= What you will do =
The lines to return run from the one containing "More severe COPD" through the end of the material; give them exactly and leave out the pictures.

• • • •

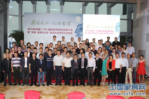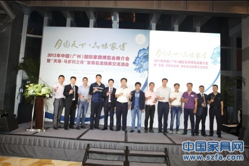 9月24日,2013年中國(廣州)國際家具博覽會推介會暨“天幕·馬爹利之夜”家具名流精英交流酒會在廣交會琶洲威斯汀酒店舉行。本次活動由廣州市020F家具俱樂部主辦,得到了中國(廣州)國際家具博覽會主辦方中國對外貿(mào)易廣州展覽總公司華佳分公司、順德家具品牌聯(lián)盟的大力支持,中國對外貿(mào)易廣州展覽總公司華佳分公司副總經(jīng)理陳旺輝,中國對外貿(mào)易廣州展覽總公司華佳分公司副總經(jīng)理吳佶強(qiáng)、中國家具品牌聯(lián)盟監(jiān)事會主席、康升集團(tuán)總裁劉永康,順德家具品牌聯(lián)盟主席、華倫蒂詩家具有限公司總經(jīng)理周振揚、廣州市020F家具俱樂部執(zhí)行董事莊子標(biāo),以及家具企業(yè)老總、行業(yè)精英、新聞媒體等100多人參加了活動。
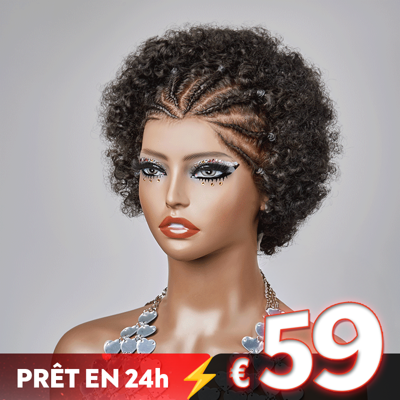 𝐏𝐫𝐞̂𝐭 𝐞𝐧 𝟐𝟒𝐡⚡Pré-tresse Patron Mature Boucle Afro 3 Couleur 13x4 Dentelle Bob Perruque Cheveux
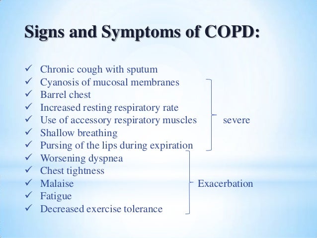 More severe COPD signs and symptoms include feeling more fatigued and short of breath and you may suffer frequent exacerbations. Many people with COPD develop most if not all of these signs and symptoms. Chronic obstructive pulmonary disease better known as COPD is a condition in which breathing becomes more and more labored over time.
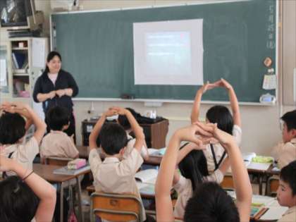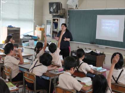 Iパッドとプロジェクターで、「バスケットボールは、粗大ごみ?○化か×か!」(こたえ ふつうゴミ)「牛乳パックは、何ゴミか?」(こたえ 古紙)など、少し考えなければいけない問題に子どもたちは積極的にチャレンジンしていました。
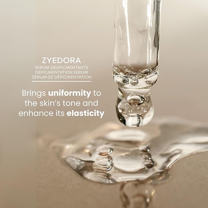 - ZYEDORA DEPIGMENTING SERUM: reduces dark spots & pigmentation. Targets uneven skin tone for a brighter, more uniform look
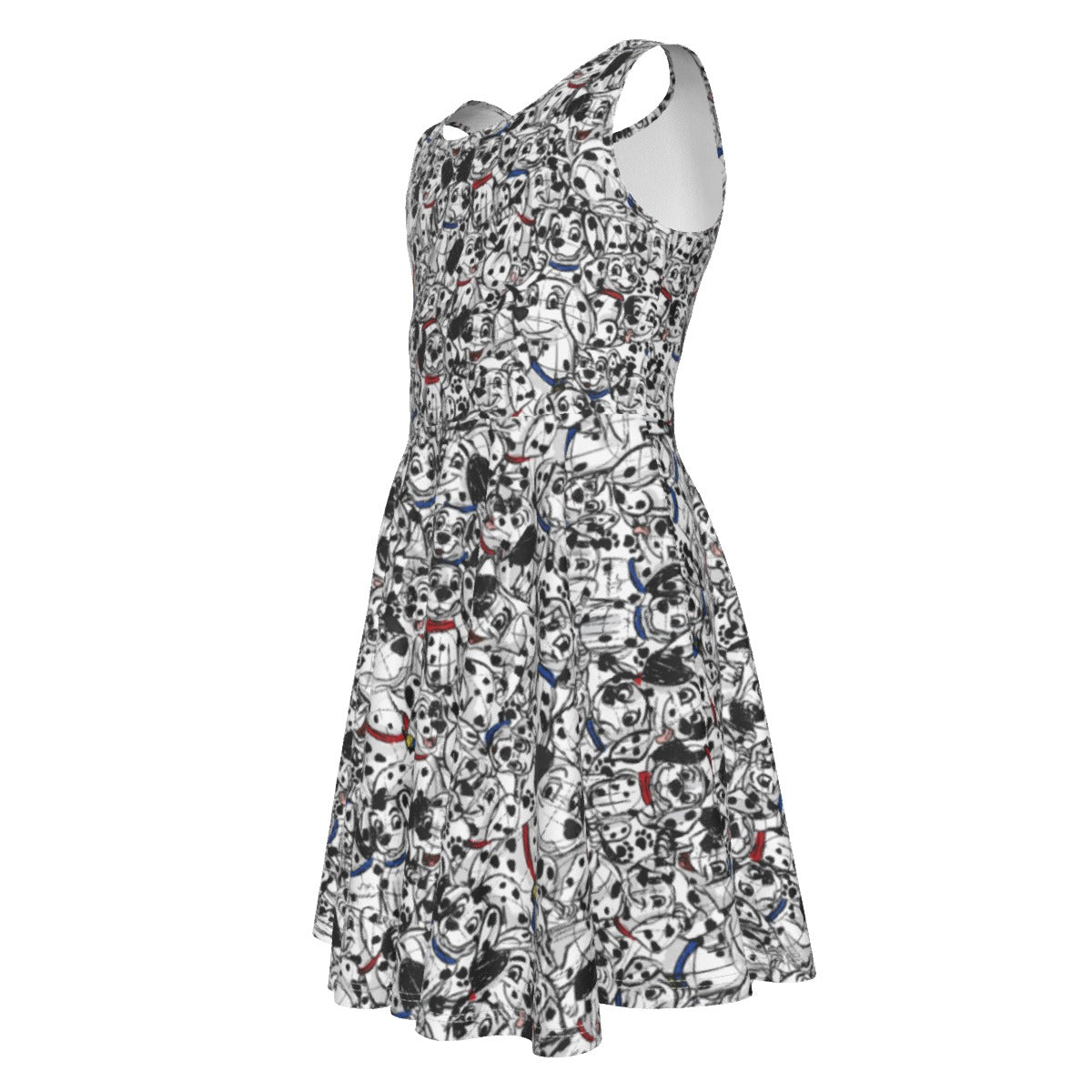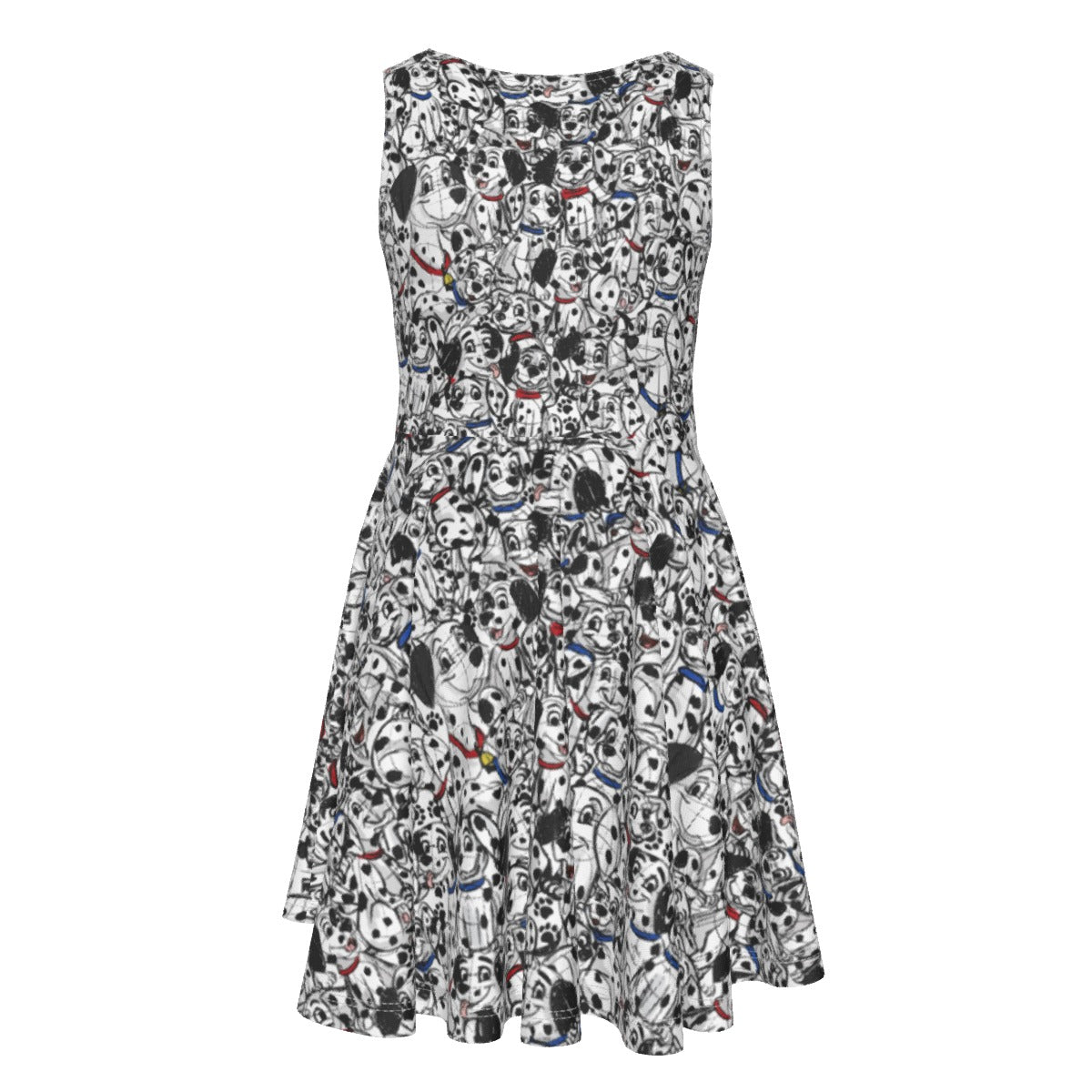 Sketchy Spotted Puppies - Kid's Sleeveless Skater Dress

• • • •

= Written solution =
 More severe COPD signs and symptoms include feeling more fatigued and short of breath and you may suffer frequent exacerbations. Many people with COPD develop most if not all of these signs and symptoms. Chronic obstructive pulmonary disease better known as COPD is a condition in which breathing becomes more and more labored over time.
 Iパッドとプロジェクターで、「バスケットボールは、粗大ごみ?○化か×か!」(こたえ ふつうゴミ)「牛乳パックは、何ゴミか?」(こたえ 古紙)など、少し考えなければいけない問題に子どもたちは積極的にチャレンジンしていました。
 - ZYEDORA DEPIGMENTING SERUM: reduces dark spots & pigmentation. Targets uneven skin tone for a brighter, more uniform look
 Sketchy Spotted Puppies - Kid's Sleeveless Skater Dress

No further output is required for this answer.